__Exercise instructions__.
Without including any images, repeat the data exactly.

Records from a data source
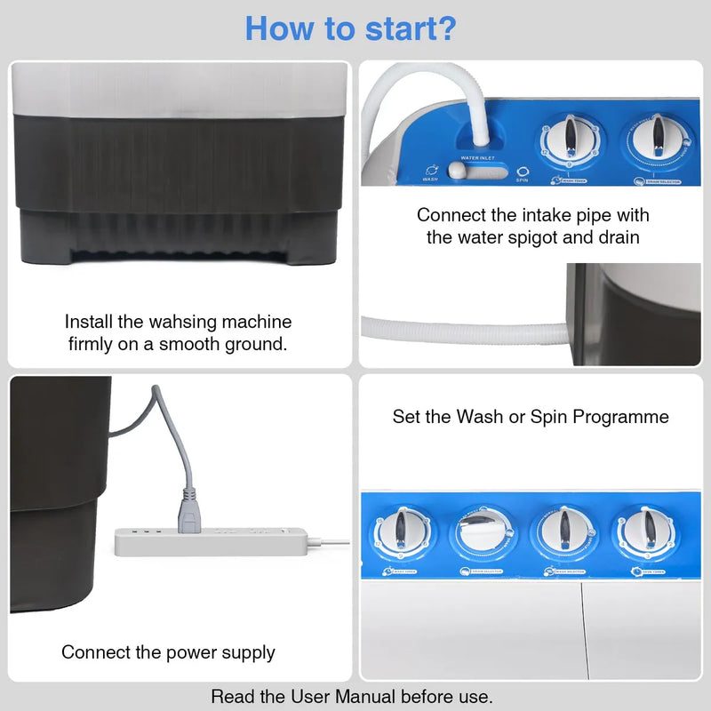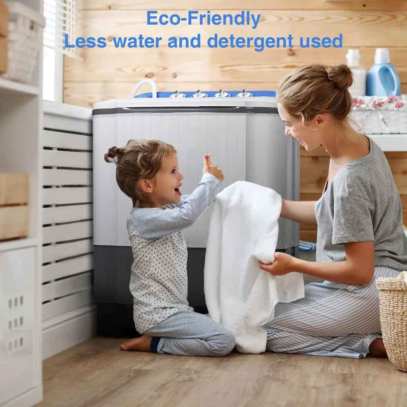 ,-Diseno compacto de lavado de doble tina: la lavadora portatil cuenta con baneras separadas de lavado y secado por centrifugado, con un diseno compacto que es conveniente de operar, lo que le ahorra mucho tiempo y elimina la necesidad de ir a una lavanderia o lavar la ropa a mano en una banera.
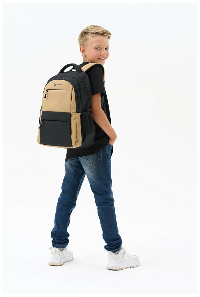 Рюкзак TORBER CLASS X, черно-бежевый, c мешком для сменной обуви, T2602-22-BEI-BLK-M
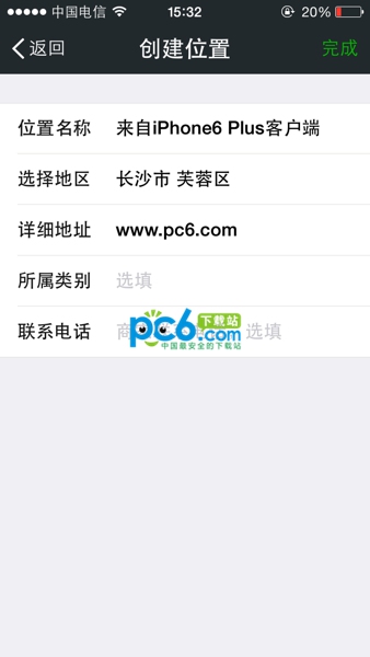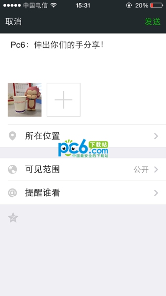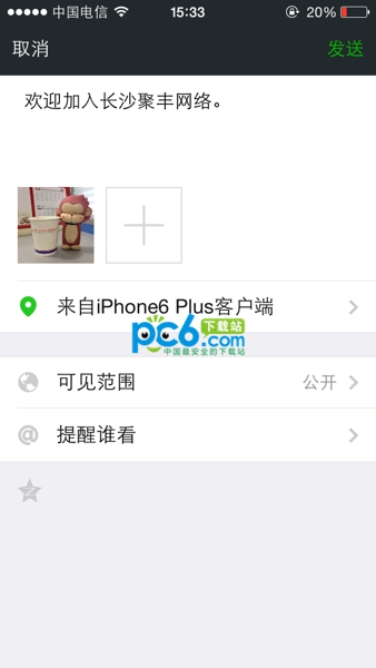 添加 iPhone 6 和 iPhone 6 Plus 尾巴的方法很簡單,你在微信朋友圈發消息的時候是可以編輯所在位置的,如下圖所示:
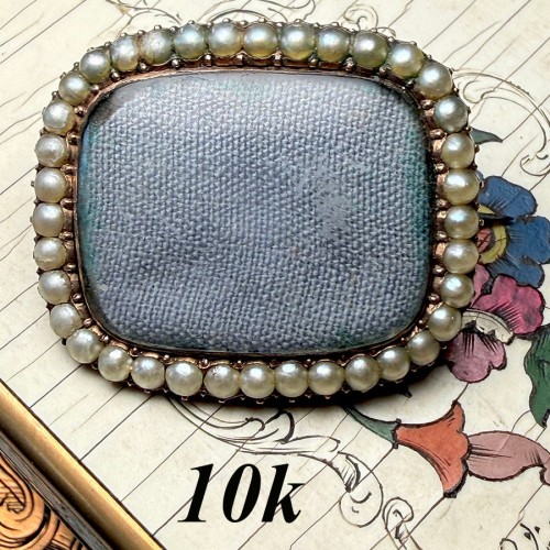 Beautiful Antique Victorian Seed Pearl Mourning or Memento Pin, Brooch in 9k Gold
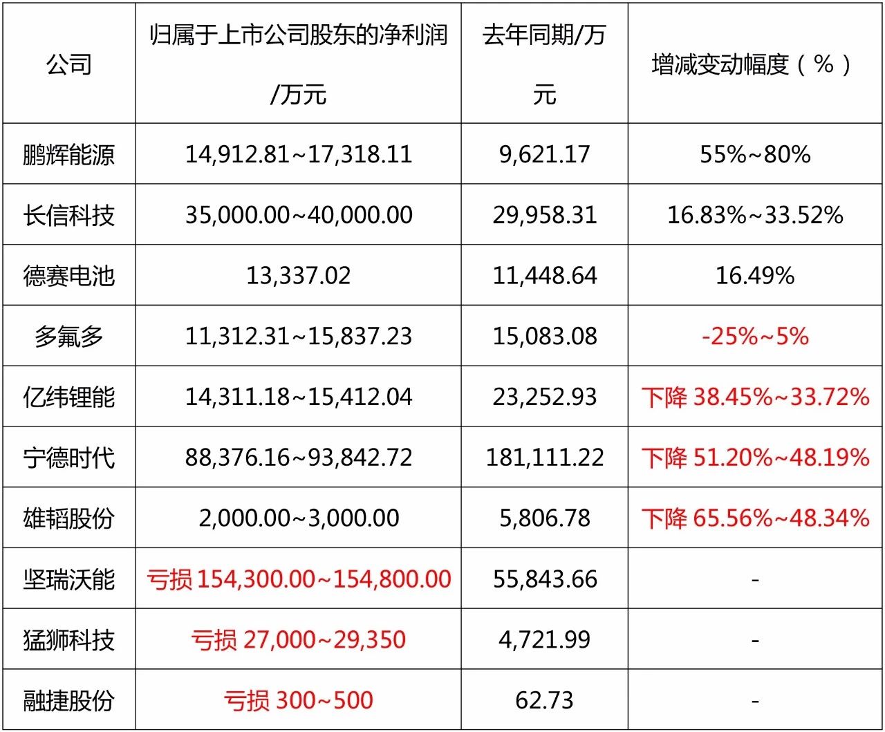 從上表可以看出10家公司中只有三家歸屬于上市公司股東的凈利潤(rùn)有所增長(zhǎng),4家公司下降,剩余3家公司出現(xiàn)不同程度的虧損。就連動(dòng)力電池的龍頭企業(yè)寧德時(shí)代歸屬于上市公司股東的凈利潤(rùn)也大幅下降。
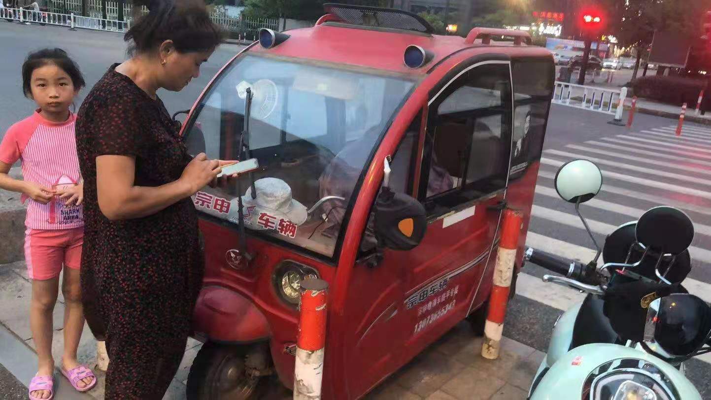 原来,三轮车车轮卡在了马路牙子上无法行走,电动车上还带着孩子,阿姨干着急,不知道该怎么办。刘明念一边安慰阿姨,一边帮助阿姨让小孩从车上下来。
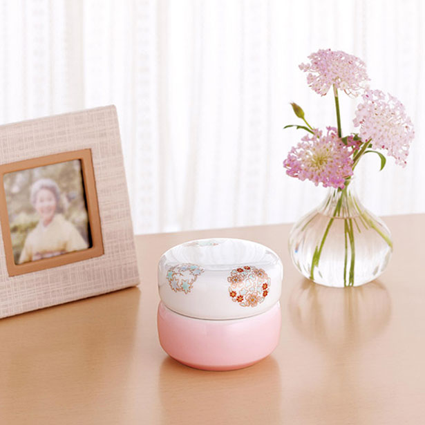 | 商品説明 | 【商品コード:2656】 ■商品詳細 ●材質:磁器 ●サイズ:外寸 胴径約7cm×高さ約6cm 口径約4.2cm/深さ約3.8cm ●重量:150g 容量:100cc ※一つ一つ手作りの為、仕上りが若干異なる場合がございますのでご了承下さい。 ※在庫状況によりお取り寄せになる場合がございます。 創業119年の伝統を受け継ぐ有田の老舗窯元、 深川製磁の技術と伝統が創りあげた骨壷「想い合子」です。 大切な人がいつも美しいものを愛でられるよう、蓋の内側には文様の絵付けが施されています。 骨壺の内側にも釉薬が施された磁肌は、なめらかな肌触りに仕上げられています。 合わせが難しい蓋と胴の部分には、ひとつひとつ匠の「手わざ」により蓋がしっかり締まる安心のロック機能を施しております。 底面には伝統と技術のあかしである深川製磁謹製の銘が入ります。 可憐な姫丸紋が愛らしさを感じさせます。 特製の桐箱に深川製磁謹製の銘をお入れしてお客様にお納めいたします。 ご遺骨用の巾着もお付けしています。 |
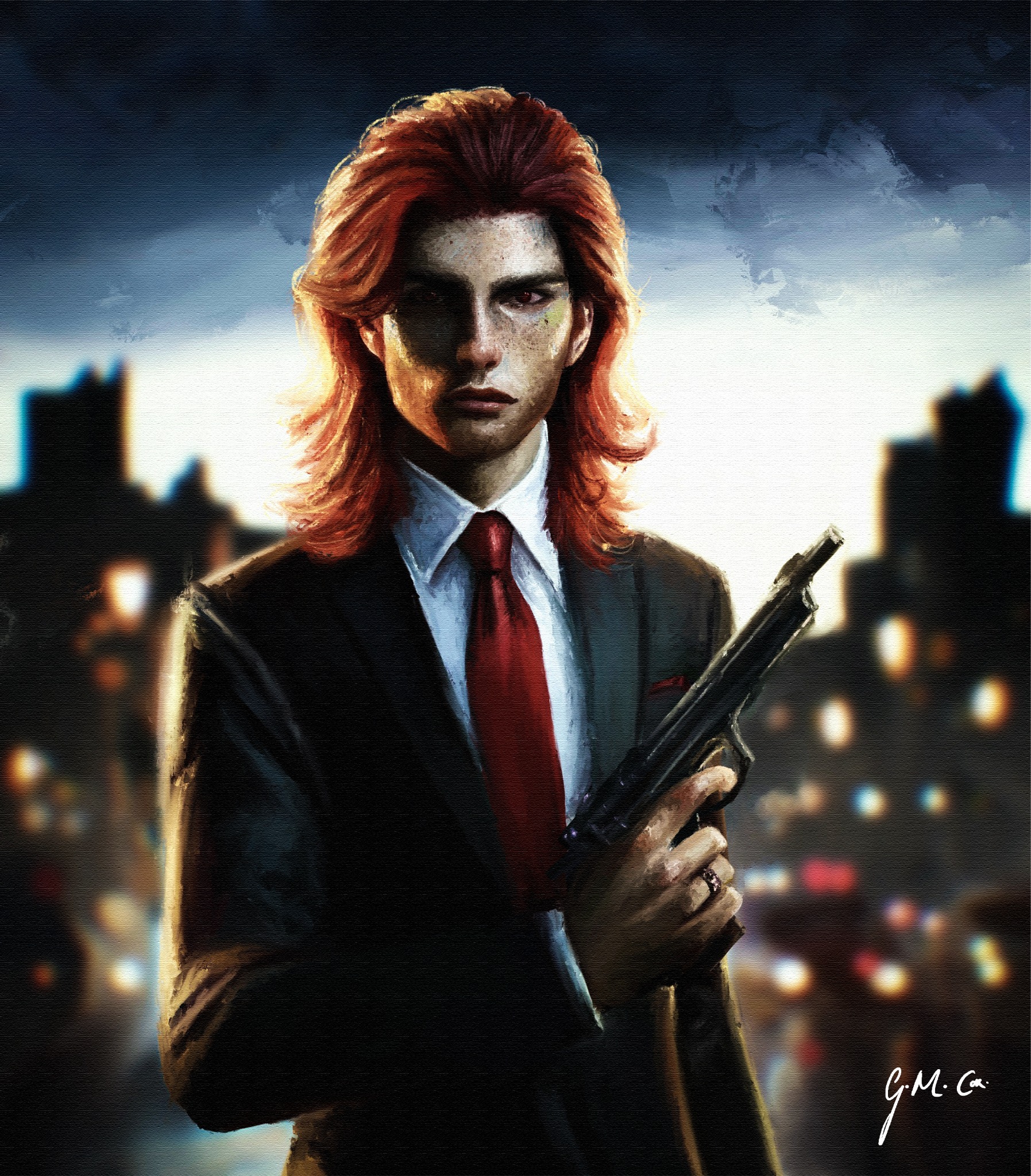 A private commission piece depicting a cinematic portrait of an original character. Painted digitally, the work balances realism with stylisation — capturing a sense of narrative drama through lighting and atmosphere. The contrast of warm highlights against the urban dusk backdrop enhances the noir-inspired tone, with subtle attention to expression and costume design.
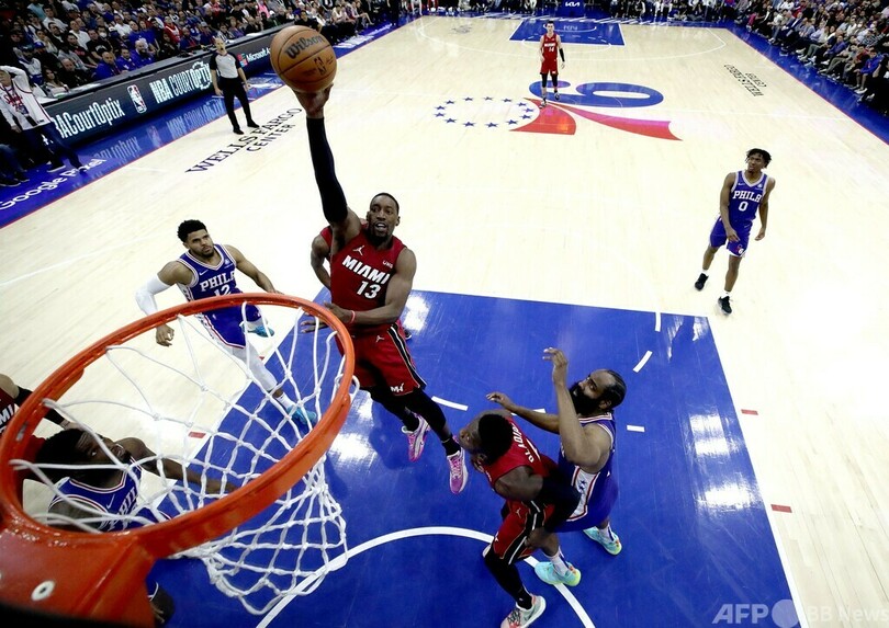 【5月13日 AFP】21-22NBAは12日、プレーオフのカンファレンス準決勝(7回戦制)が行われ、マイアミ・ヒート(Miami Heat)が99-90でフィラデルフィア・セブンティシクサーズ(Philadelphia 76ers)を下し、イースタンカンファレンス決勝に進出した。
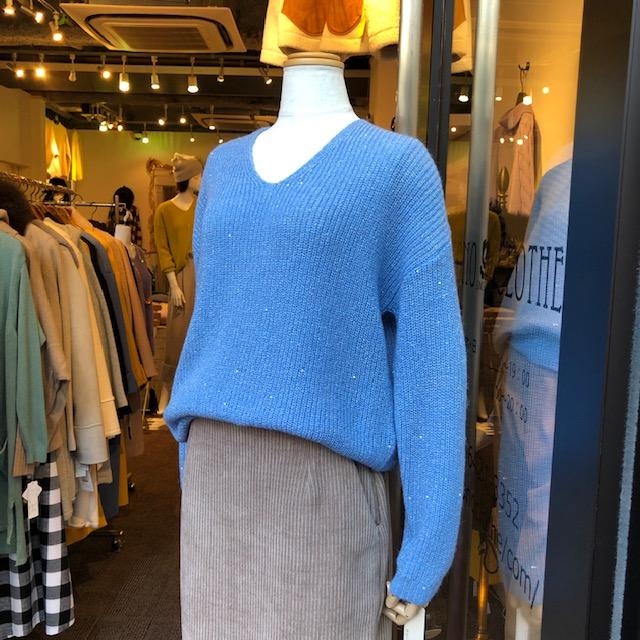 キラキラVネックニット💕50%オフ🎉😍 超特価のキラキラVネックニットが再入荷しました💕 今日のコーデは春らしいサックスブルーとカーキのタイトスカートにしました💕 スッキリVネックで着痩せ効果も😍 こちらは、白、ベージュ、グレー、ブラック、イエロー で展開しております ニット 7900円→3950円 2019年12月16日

__Expected output__.
 ,-Diseno compacto de lavado de doble tina: la lavadora portatil cuenta con baneras separadas de lavado y secado por centrifugado, con un diseno compacto que es conveniente de operar, lo que le ahorra mucho tiempo y elimina la necesidad de ir a una lavanderia o lavar la ropa a mano en una banera.
 Рюкзак TORBER CLASS X, черно-бежевый, c мешком для сменной обуви, T2602-22-BEI-BLK-M
 添加 iPhone 6 和 iPhone 6 Plus 尾巴的方法很簡單,你在微信朋友圈發消息的時候是可以編輯所在位置的,如下圖所示:
 Beautiful Antique Victorian Seed Pearl Mourning or Memento Pin, Brooch in 9k Gold
 從上表可以看出10家公司中只有三家歸屬于上市公司股東的凈利潤(rùn)有所增長(zhǎng),4家公司下降,剩余3家公司出現(xiàn)不同程度的虧損。就連動(dòng)力電池的龍頭企業(yè)寧德時(shí)代歸屬于上市公司股東的凈利潤(rùn)也大幅下降。
 原来,三轮车车轮卡在了马路牙子上无法行走,电动车上还带着孩子,阿姨干着急,不知道该怎么办。刘明念一边安慰阿姨,一边帮助阿姨让小孩从车上下来。
 | 商品説明 | 【商品コード:2656】 ■商品詳細 ●材質:磁器 ●サイズ:外寸 胴径約7cm×高さ約6cm 口径約4.2cm/深さ約3.8cm ●重量:150g 容量:100cc ※一つ一つ手作りの為、仕上りが若干異なる場合がございますのでご了承下さい。 ※在庫状況によりお取り寄せになる場合がございます。 創業119年の伝統を受け継ぐ有田の老舗窯元、 深川製磁の技術と伝統が創りあげた骨壷「想い合子」です。 大切な人がいつも美しいものを愛でられるよう、蓋の内側には文様の絵付けが施されています。 骨壺の内側にも釉薬が施された磁肌は、なめらかな肌触りに仕上げられています。 合わせが難しい蓋と胴の部分には、ひとつひとつ匠の「手わざ」により蓋がしっかり締まる安心のロック機能を施しております。 底面には伝統と技術のあかしである深川製磁謹製の銘が入ります。 可憐な姫丸紋が愛らしさを感じさせます。 特製の桐箱に深川製磁謹製の銘をお入れしてお客様にお納めいたします。 ご遺骨用の巾着もお付けしています。 |
 A private commission piece depicting a cinematic portrait of an original character. Painted digitally, the work balances realism with stylisation — capturing a sense of narrative drama through lighting and atmosphere. The contrast of warm highlights against the urban dusk backdrop enhances the noir-inspired tone, with subtle attention to expression and costume design.
 【5月13日 AFP】21-22NBAは12日、プレーオフのカンファレンス準決勝(7回戦制)が行われ、マイアミ・ヒート(Miami Heat)が99-90でフィラデルフィア・セブンティシクサーズ(Philadelphia 76ers)を下し、イースタンカンファレンス決勝に進出した。
 キラキラVネックニット💕50%オフ🎉😍 超特価のキラキラVネックニットが再入荷しました💕 今日のコーデは春らしいサックスブルーとカーキのタイトスカートにしました💕 スッキリVネックで着痩せ効果も😍 こちらは、白、ベージュ、グレー、ブラック、イエロー で展開しております ニット 7900円→3950円 2019年12月16日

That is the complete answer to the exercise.